Some modern theologians speak loosely of God’s presence in the world as a kind of generalized incarnation and a few, most notably Grace Jantzen and Sallie McFague, conceive of the world itself as “the body of God.” The traditional understanding of the incarnation, however, at least as it is expressed in the Chalcedonian Creed, is the union of divinity with the specific humanity of Christ. Gregersen calls this formulation the “strict-sense view” of the incarnation and contrasts it with a “full-scope view.” The latter view accepts the classical account of Christ’s two natures but enlarges upon it so that Christ’s risen body is seen to encompass not only the church but also the rest of humanity and all life forms on earth. Gregersen does not conclude, as do Jantzen and McFague, that God is embodied in the whole world but rather that God, through the incarnate Christ, is present “for” and “with” all creatures and, in that limited sense, is “in all that is.”
Incarnation contains essays by prominent European and American theologians, philosophers, and scientists responding to the challenges raised by Gregersen’s expanded account of Christ’s incarnation for our understanding of God and the natural world.
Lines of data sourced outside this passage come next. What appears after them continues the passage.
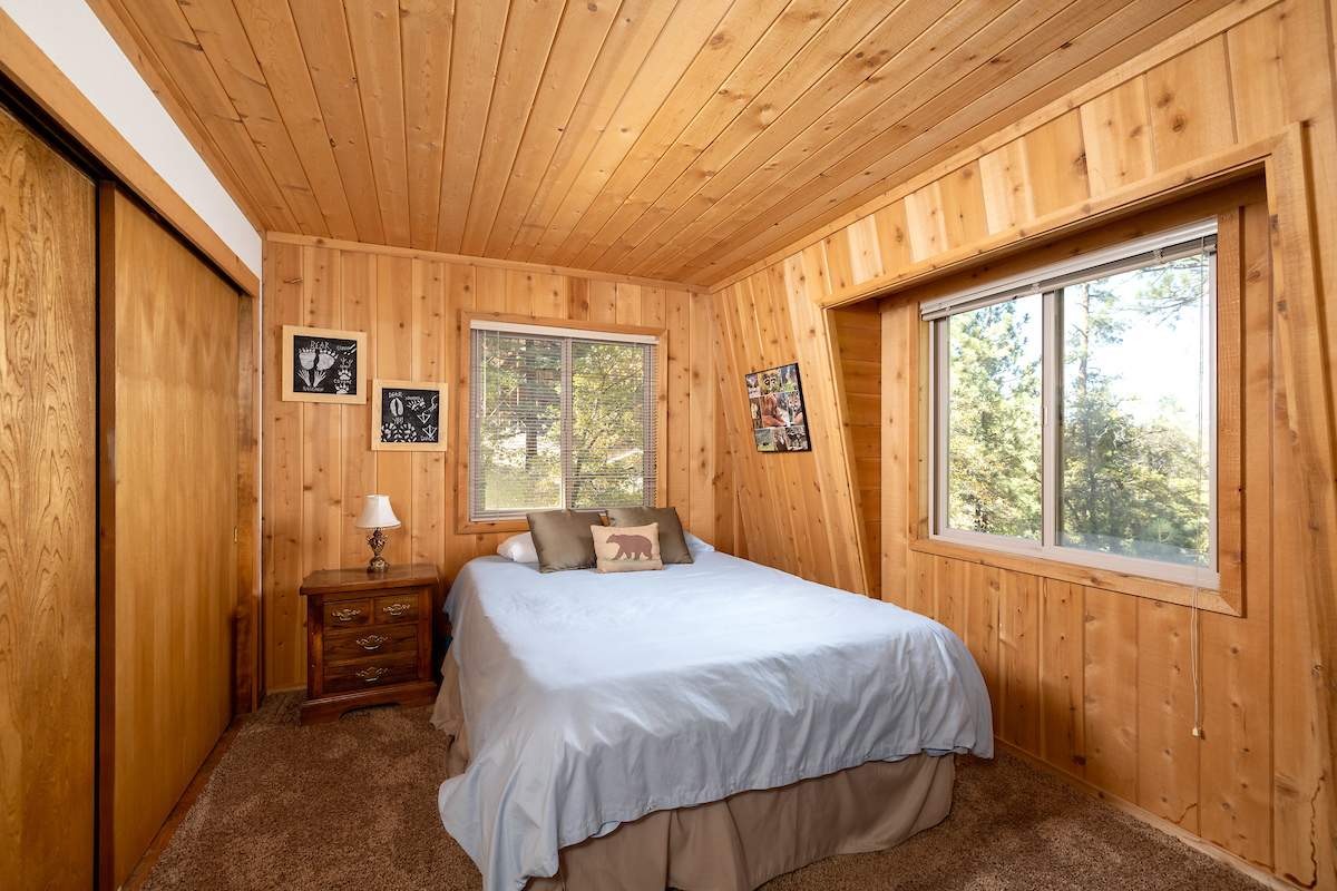 Nestled in the oaks and pines in a sought-after Moonridge location near Bear Mountain, the lake, forest and everything else Big Bear has to offer. This tree house has room for a crowd with 5 bedrooms, 2 full baths, and laundry. Classic gambrel-style has that true mountain cabin feel with beamed ceilings and lots of wood T&G. Cozy brick fireplace with efficient wood-burning stove will warm you right up after a long day on the slopes. Kitchen features custom cabinetry, a dining area and pantry. Enjoy the treed surroundings out on the wraparound deck and gaze at the stars while soaking in the private spa. Capable of accommodating a large family or group, this home will make an awesome weekend getaway and/or income-producing vacation rental investment.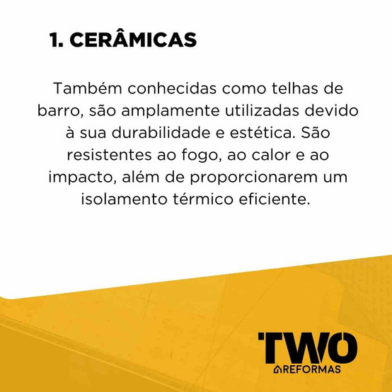 Telhas de cerâmica: também chamadas de telhas de barro, são populares devido à sua durabilidade e apelo estético. Feitas de argila queimada, as telhas de cerâmica são resistentes ao fogo, calor e impacto. Além disso, oferecem isolamento térmico e estão disponíveis em várias cores e formatos, permitindo diferentes estilos arquitetônicos.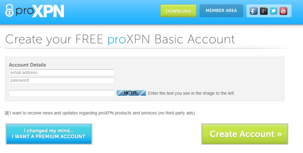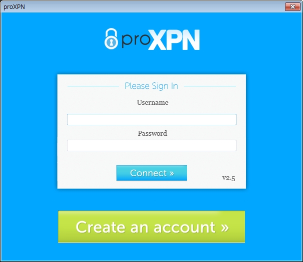 proXPNアプリが立ち上がった状態です。下部のCreate an accountをクリックしてユーザー登録に移ります。

Gregersen edited the book and wrote its introduction as well as two of its chapters, a programmatic essay on deep incarnation and a reply to the arguments put forward by his fellow authors. The book contains three sections: the first mining New Testament and early church sources for a theology of deep incarnation, the second offering reflections by systematic theologians including Jürgen Moltmann, Elizabeth Johnson, Denis Edwards, and Celia Deane-Drummond, and the third exploring the issue of deep incarnation in light of contemporary philosophy and science.
The principal touchstones in scripture for the concept of deep incarnation are the opening verses of the Gospel of John and its affirmation of the Word (the Greek logos) made flesh, depictions of divine Wisdom (sophia) in the Old Testament and Deuterocanonical literature, and the portrayal of the cosmic Christ in the writings of Paul. As a number of contributors emphasize, John never says that the Word becomes human but rather that the Word becomes flesh. In the Bible, the flesh (basar in Hebrew and sarx in Greek) can refer alternatively to the human body, the whole human person, body and soul, the whole human race, and living things in general (as in Isaiah’s declaration that “all flesh is grass”). It can therefore be reasonably argued that, in Christ, the Word became flesh and dwelt among all fleshly life. Both the Word and Wisdom in scripture are identified with the incarnate Christ and are means of conceiving of God’s creative, providential, and saving activity in the world.
For several authors in the volume, however, the figure of Wisdom provides a more thoroughly personal, ethically and practically oriented, and evocatively feminine image of Christ than the abstractly conceived logos. Paul’s confession of Christ as the One who is “before all things” and in whom “all things hold together,” and who is reconciling all things to himself (Col. 1:17, 20) also lends support to the full-scope view of the incarnation as the beginning of a process through which all creation will be taken up into the life of God. Finally, the writings of Athanasius and Maximus the Confessor present accounts of the incarnation of the Word that highlight its transformative effects on the wider creation.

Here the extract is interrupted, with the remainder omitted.